この発明では、硬質炭素膜の微粉の粒径が100nm以下となり、十分に小さいサイズとなる。このため、これらの硬質炭素膜の微粉を潤滑油中に良好に分散させることができ、例えば硬質炭素膜の微粉が1箇所に固まるなどの不都合を回避することができる。また、このような粒径が小さい硬質炭素膜の微粉が潤滑油中に分散されることで、軸部および軸受部に対して、一様に摩擦抵抗を低下させることができ、より良好な潤滑効果を得ることができる。
【0023】
本発明の時計は軸部を有する回転体と、前記回転体の前記軸部を回転可能に保持する軸受部と、を備えた時計輪列により指針が駆動される時計であって、前記軸部および前記軸受部の間に、硬質炭素膜の微粉が拡散した潤滑油があることを特徴とする。
【0024】
この発明では、上記のように軸部および軸受部の摺動摩擦抵抗を長期に亘って低減させることができるため、時計寿命を長くすることができる。
【図面の簡単な説明】
【0025】
【図1】本実施形態に係る時計輪列を備えた電子制御式機械時計(時計)の要部を示す平面図である。
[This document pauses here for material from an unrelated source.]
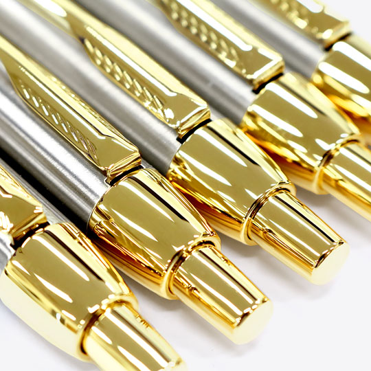 すっきりとシンプルなデザインで美しいフォルムの パーカー・IM GTボールペン。高級ボールペンの代名詞として高い人気があります。しっかりとした重みを感じる大人のボールペンで、特長のあるクリップデザインはポケットに収めた時にさりげないオシャレを演出してくれます。本体は落ち着きのあるシルバーになっておりペン先・ノック部分に金色を施した高級感のある1本になっています。ブランド品のボールペンの中では比較的低価格で手に入るので、高級ボールペンでノベルティを作成したい方や、記念品・ギフトの作成を考えている方にオススメです。

【図2】前記実施形態の電子制御式機械時計の要部を示す断面図である。
【図3】前記実施形態の電子制御式機械時計の要部を示す他の断面図である。
【図4】前記実施形態の電子制御式機械時計の構成を示すブロック図である。
【図5】前記実施形態の時計輪列を構成する各番車に係る側圧を示す図である。
【図6】二番車、三番車、および四番車の要部を示す断面図である。
【図7】図6において、三番車近傍を拡大した拡大図である。
【図8】DLC膜を形成した時計に時計耐久試験を行った際、TEMにより観察されたDLC膜近傍の潤滑油を示す写真である。
【図9】潤滑油中に含まれるDLC膜の微粉の含有量とトルク上昇量との関係を示す図である。
【図10】(A)は、耐久試験度の潤滑油のFTIR(Fourier Transform Infrared Spectroscopy:フーリエ変換赤外分光法)による分析結果を示す図であり、(B)は、DLC膜を形成した場合の試験終了後の潤滑油に対してFTIRにより得られる吸光度から、DLC膜が形成されていない場合の試験終了後の潤滑油に対してFTIRにより得られる吸光度を差し引いた値を示す図である。
【図11】DLC膜が形成されず、DLC微粉が含有される潤滑油がある軸受構造、DLC膜が形成され、かつDLC微粉が含有される潤滑油がある軸受構造、およびDLC膜が形成されず、潤滑油中にもDLC微粉が含有されない軸受構造のそれぞれにおける時計耐久試験の結果を示す図である。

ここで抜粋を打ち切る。